Здесь собралась вся элита шведского общества — аристократы, политики, бизнесмены, ведущие писатели, актеры и режиссеры страны. Были здесь и лидеры местной еврейской общины, и, разумеется, израильские и американские дипломаты. На предназначенной для выступления лауреата кафедре стояла ваза с цветами и стакан воды. С двух сторон от кафедры сидели 18 членов Нобелевского комитета.
Незадолго до начала лекции Башевис-Зингер предупредил их, что намерен начать ее на идиш. «Никто в этом старом, славном зале никогда еще не говорил на идиш, и, вероятнее всего, больше никогда и не заговорит», — пояснил он свое желание, и шведские академики лишь слегка приподняли брови, но ничуть не выказали своего удивления.
Когда отгремели приветственные аплодисменты, писатель оглядел зал и объявил, что сейчас он будет говорить на идиш — языке своего детства и своего народа. «Идиш — это язык, представляющий собой смесь средневекового немецкого и древнееврейского, а также вобравший в себя слова из языков многих народов, среди которых жили евреи», — пояснил он. Затем оперся обеими руками на кафедру и начал:
«Дер гройсе кибуд вас Шведише Академия… — Великая честь, дарованная мне Шведской Академией — это, одновременно, признание языка идиш, языка нашего изгнания. Языка без родины, без границ, языка, который никогда не поддерживался ни одной властью в мире. Идиш — это язык, в котором нет слов для обозначения видов оружия, боеприпасов, военных маневров; нет слов и терминов, которые необходимы для ведения войны. Это язык, который и неевреи, и ассимилированные евреи в равной степени презирали в своем сердце. Но все великие религии в итоге декларировали те самые нравственные и духовные идеалы, которые для тех, кто говорил в гетто на идиш, были просто нормами повседневной жизни. Это были люди Книги в самом полном смысле этого слова. Не было в их жизни большей радости, чем изучение Торы, Мишны и Гемары. Мораль Торы и тайны Каббалы в значительной степени определили все их взаимоотношения между собой. Нет, гетто отнюдь не было только убежищем для гонимого меньшинства — оно было еще и экспериментальным полем, где люди учились жить в мире друг с другом, где формировались основные принципы уважения к личности и гуманизма. В определенном смысле слова оно существует и сегодня, и не собирается умирать, несмотря на все жестокое отношение к нему окружающего мира…»
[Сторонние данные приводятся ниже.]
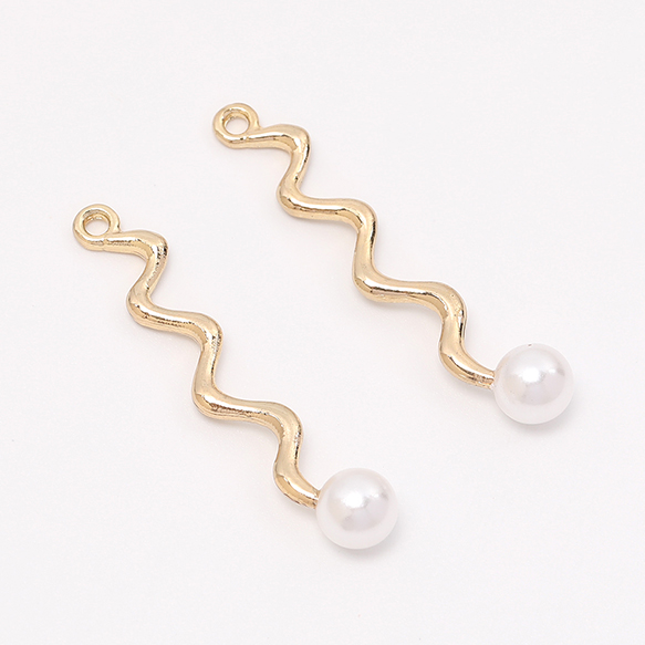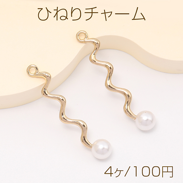 ひねりチャーム スティックチャーム パール付きチャーム 1カン 6×35mm ゴールド(4ヶ)
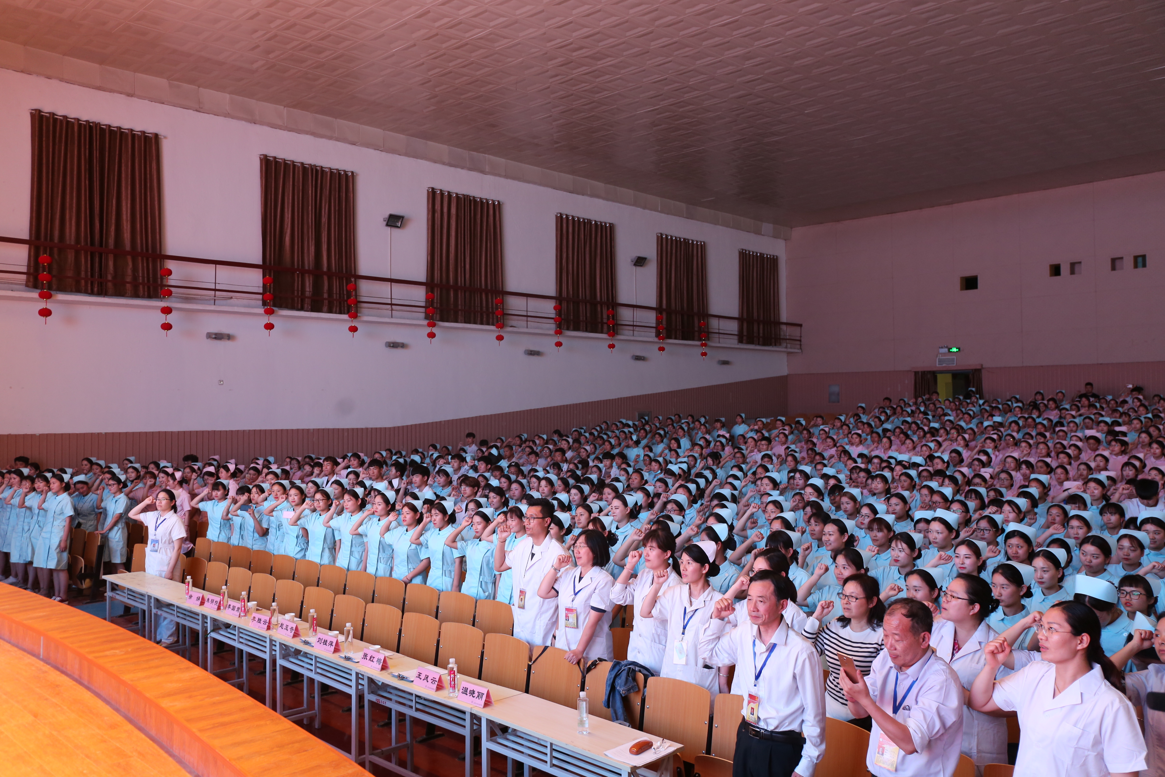 传光授帽仪式在悠扬的《护士赞歌》中开始。32名护士生代表,面带微笑,半跪在医护前辈面前,双手接过象征着医护精神的红烛,接受为自己授戴圣洁的燕帽,聆听前辈赠言;全场1000多名学生王风云院长的带领下,在烛光下庄严宣誓:“我志愿献身护理事业,热爱护理专业,坚守救死扶伤的信念,尊重病人的权利,履行护士的职责……”

Здесь Башевис-Зингер сделал длинную паузу, после которой перешел на английский. В этом своем выступлении он подводил итоги своей жизни, вспоминал своего отца и брата, оказавших решающее влияние на формирование его личности и одновременно высказывал свои взгляды на роль писателя в обществе, на само устройство мироздания и предназначение в нем человека.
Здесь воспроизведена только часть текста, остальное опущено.